Crypto Retail Traders Suffer as Strategy ETFs Drop 80%

Crypto Retail Traders Suffer as Strategy ETFs Drop 80%

 


Retail investors who poured into Michael Saylor’s huge Bitcoin experiment are paying a steep price. Strategy Inc. the business once hailed for bundling crypto risk into a public stock is seeking to soothe investors after its shares dropped more than 60% from recent highs, amid a widespread digital-currency rout.

In an effort to allay concerns that it could have to sell Bitcoin if values continue to decline, Strategy announced on Monday that it had established a $1.4 billion reserve to pay dividends and interest.

But for many investors, the harm is already done. MSTX and MSTU, the most well-liked exchange-traded funds that track Strategy's erratic stock and offer double the daily return, have both fallen more than 80% this year.

Out of over 4,700 products that are now trading, this places them in the top 10 worst-performing funds in the US ETF market, only surpassed by niche short bets against semiconductor stocks and gold miners.

A third fund, known as MSTP, launched during the crypto frenzy in June, is down a similar amount since its introduction. Since early October, the three have lost almost $1.5 billion in assets.

When companies like Defiance and Tuttle Capital Management introduced the high-octane products that tracked one of Wall Street's most notable Bitcoin-proxy moves, retail investors flooded into these funds.

However, what started out as a simple way to boost cryptocurrency bets has turned into a warning about how leverage, volatility, and sentiment may go out of control.

Strategy shares fell 34% in November. Bitcoin has also plummeted roughly 30% from October highs and now trades near $87,000. After falling as much as 12% earlier in the day, Strategy ended Monday's trading session down 3.3%.

As of 6:20 a.m., Bitcoin had increased by 0.5%. on Tuesday in London. “The recent pullback in Bitcoin has hit Strategy’s stock hard, and 2x leveraged plays like MSTX and MSTU turn that into even larger losses,” said Roxanna Islam, head of sector and industry analysis at ETF shop TMX VettaFi.

“It’s a reminder that leveraged single-stock ETFs can look great on the way up, but can erase gains very quickly when the underlying trade goes the other way.”

Defiance chose not to respond. Emails requesting comment were not immediately answered by GraniteShares, the company behind MSTP, or Tuttle Capital.

A valuation calculation called market net asset value, or mNAV, which contrasts Strategy's enterprise value with its Bitcoin holdings, is at the heart of the issue.

That premium has mostly evaporated, bringing the ratio to approximately 1.15 a level executives have noted as a warning zone. In a podcast, CEO Phong Le stated that the company might have to sell Bitcoin as a last resort if it falls below 1.0 in order to fulfill payout obligations.

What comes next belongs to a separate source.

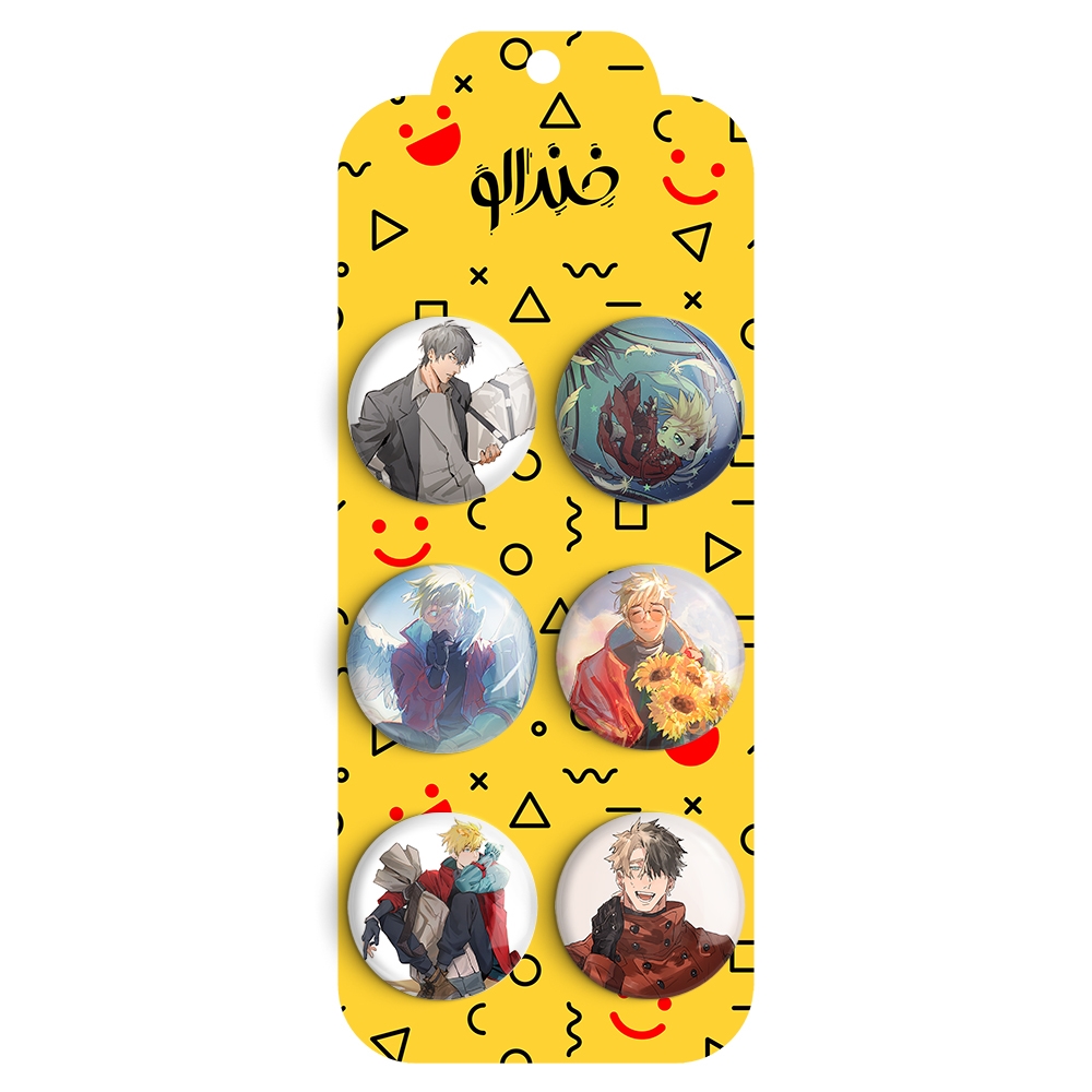 مجموعه 6 عددی پیکسل خندالو طرح تریگان (Trigun) با روکش سلفون حرارتی براق ضدخش و قطعه پشتی رنگی تولید شده است. قطعات پشتی از میان 6 رنگ سفید، مشکی، صورتی، زرد، آبی و قرمز که با توجه به نوع و رنگبندی طرح روی پیکسل انتخاب شده اند تولید می شود و در هر بسته بندی مطابق عکس محصول می باشد.

Funded by recent share sales, the recently announced reserve is intended to mitigate that risk. It covers at least 21 months of dividend and interest payments.

However, the news did little to halt the wider decline or allay worries about Strategy's reliance on retail appetite, its exposure to leverage, and the growing pressure on its funding mechanism.

Strategy has frequently traded common stock, a contentious tactic that dilutes current owners, to fund its Bitcoin purchasing binge.

The company has resorted to issuing preferred shares and other more expensive kinds of funding in order to continue purchasing cryptocurrency as its valuation premium has diminished.

Meanwhile, the ETF complex constructed around Strategy is faltering. According to data collated by Bloomberg, at least 15 of these instruments that are connected to its shares in different ways are currently trading, many of them down double digits this year.

Combined assets for MSTX, MSTU and MSTP have decreased from nearly $2.3 billion in early October to roughly $830 million today.

Despite increased institutional involvement and political backing from the Trump White House, the decline in cryptocurrency has led to significant withdrawals from miners, altcoins, and corporate treasuries that have a lot of tokens. Leveraged ETFs, which gained appeal among at-home traders earlier this year, are now among the hardest hit.

The funds' structure, which is designed to double Strategy's daily moves, has the potential to quickly backfire. Even if the stock closes flat, cumulative gains and losses can reduce returns in turbulent markets; this phenomenon is called volatility decay. When Strategy shares fell and whipsawed, the ETFs didn’t just track the loss they compounded it.

“Leveraged ETFs are generally a dangerous investment. According to Michael O'Rourke, chief market strategist at Jonestrading, "a leveraged ETF on shares of a stock that levers up to buy a highly speculative asset is a risk profile of its own."

Now, even Strategy’s inclusion in key stock indices is under danger. Analysts at JPMorgan warned the company might be removed from benchmarks like the MSCI USA and Nasdaq 100 a shift that might prompt billions in passive outflows. The shift is striking for a company that was once mentioned as a possible S&P 500 candidate.